» Your instructions
The material below holds pictures, which are to be left out; copy exactly the lines from the one with "毛泽东主席与刘思齐、毛岸英在一起" through the one with "Set of 4 Vintage".

» Dataset records
§

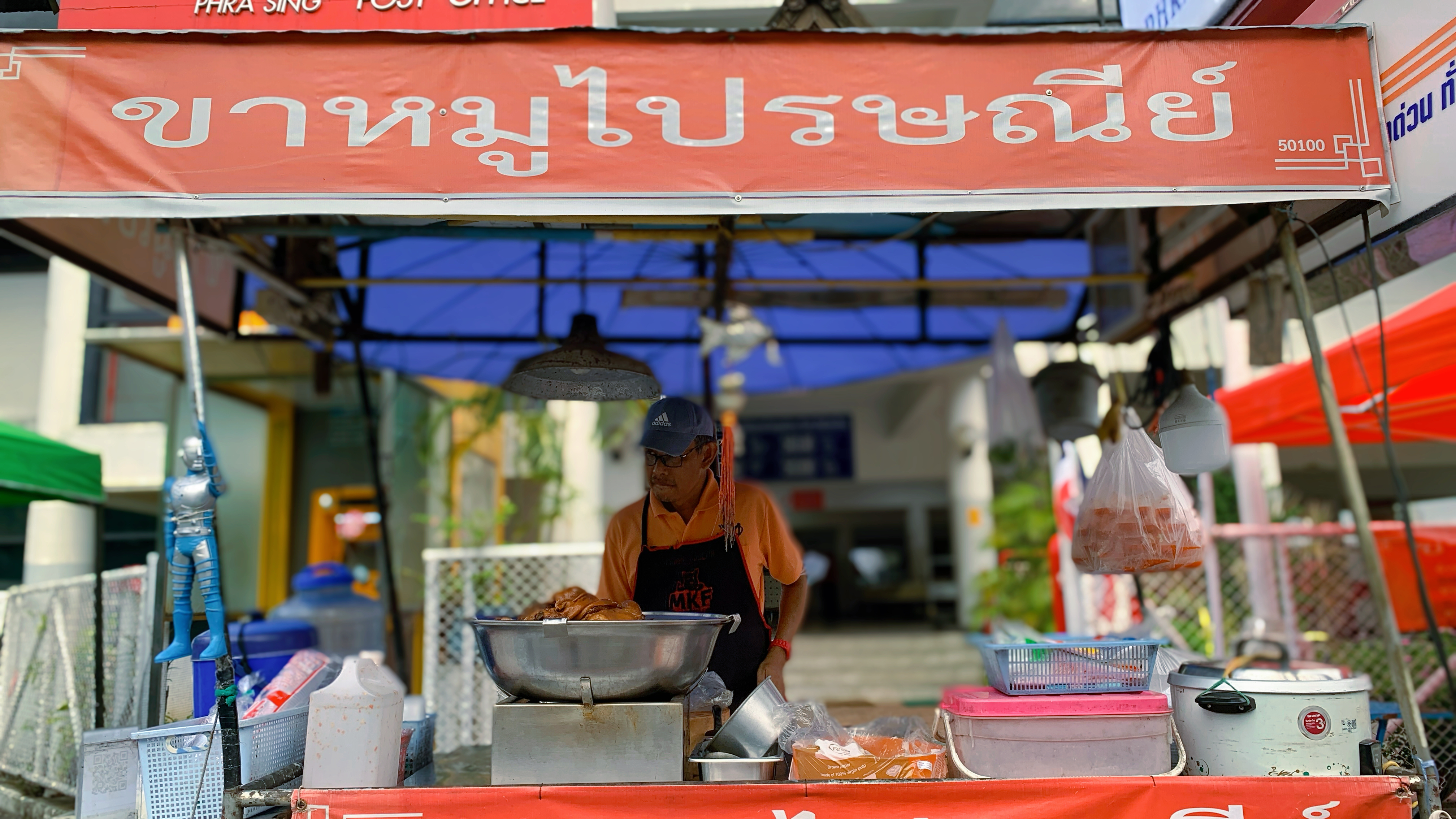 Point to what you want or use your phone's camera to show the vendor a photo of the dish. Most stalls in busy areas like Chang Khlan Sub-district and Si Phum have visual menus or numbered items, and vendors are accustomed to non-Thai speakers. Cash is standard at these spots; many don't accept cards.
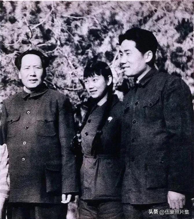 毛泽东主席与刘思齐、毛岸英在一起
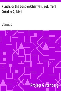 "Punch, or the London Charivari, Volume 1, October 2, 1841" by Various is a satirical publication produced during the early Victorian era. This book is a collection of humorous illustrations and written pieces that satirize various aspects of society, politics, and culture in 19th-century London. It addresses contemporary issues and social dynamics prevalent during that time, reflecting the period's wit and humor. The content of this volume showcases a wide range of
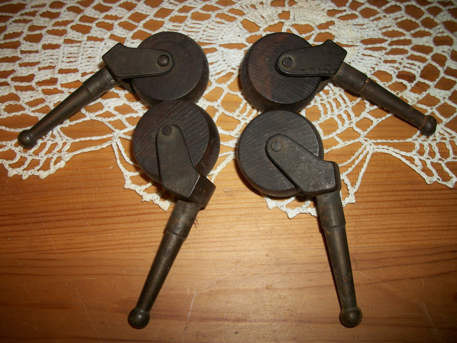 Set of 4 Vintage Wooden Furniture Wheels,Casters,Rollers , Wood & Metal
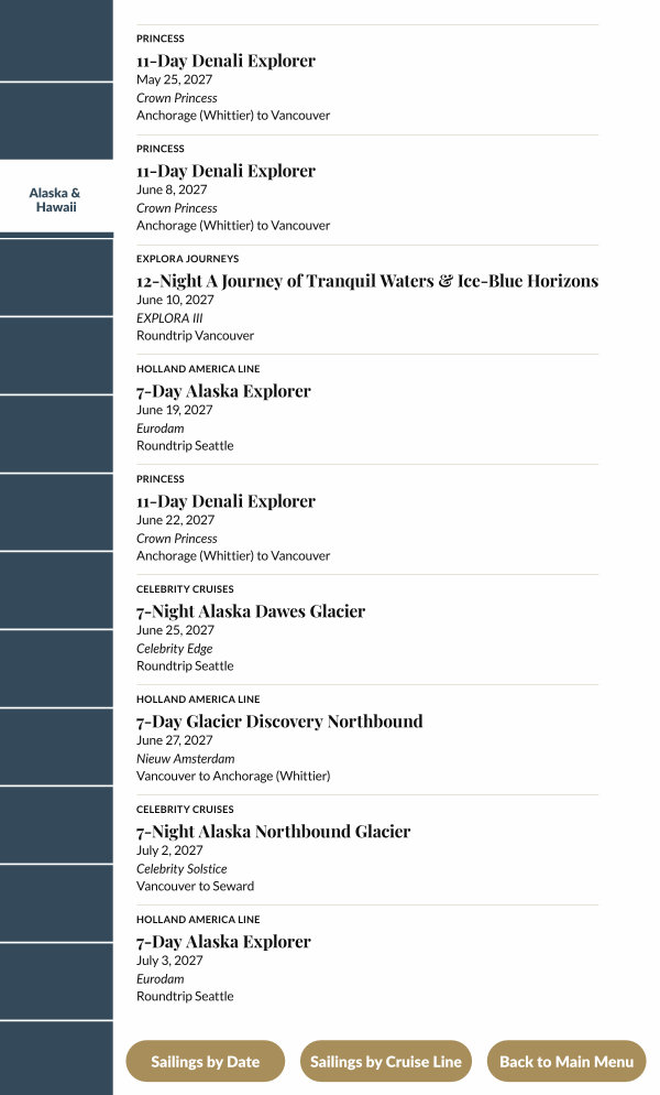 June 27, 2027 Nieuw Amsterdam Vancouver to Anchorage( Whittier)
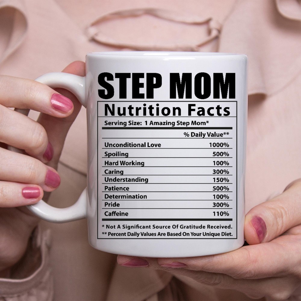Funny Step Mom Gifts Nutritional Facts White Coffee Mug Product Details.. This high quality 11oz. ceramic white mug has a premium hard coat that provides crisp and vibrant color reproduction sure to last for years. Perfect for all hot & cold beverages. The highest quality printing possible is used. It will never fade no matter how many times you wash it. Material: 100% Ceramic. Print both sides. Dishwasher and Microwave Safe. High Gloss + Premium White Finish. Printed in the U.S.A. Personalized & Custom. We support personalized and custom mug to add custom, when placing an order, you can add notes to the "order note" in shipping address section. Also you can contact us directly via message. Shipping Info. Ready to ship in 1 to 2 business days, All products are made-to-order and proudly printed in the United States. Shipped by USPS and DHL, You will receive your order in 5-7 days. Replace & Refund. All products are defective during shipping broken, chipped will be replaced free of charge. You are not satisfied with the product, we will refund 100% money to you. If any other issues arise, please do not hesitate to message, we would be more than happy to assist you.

§

» Exercise response
 毛泽东主席与刘思齐、毛岸英在一起
 "Punch, or the London Charivari, Volume 1, October 2, 1841" by Various is a satirical publication produced during the early Victorian era. This book is a collection of humorous illustrations and written pieces that satirize various aspects of society, politics, and culture in 19th-century London. It addresses contemporary issues and social dynamics prevalent during that time, reflecting the period's wit and humor. The content of this volume showcases a wide range of
 Set of 4 Vintage Wooden Furniture Wheels,Casters,Rollers , Wood & Metal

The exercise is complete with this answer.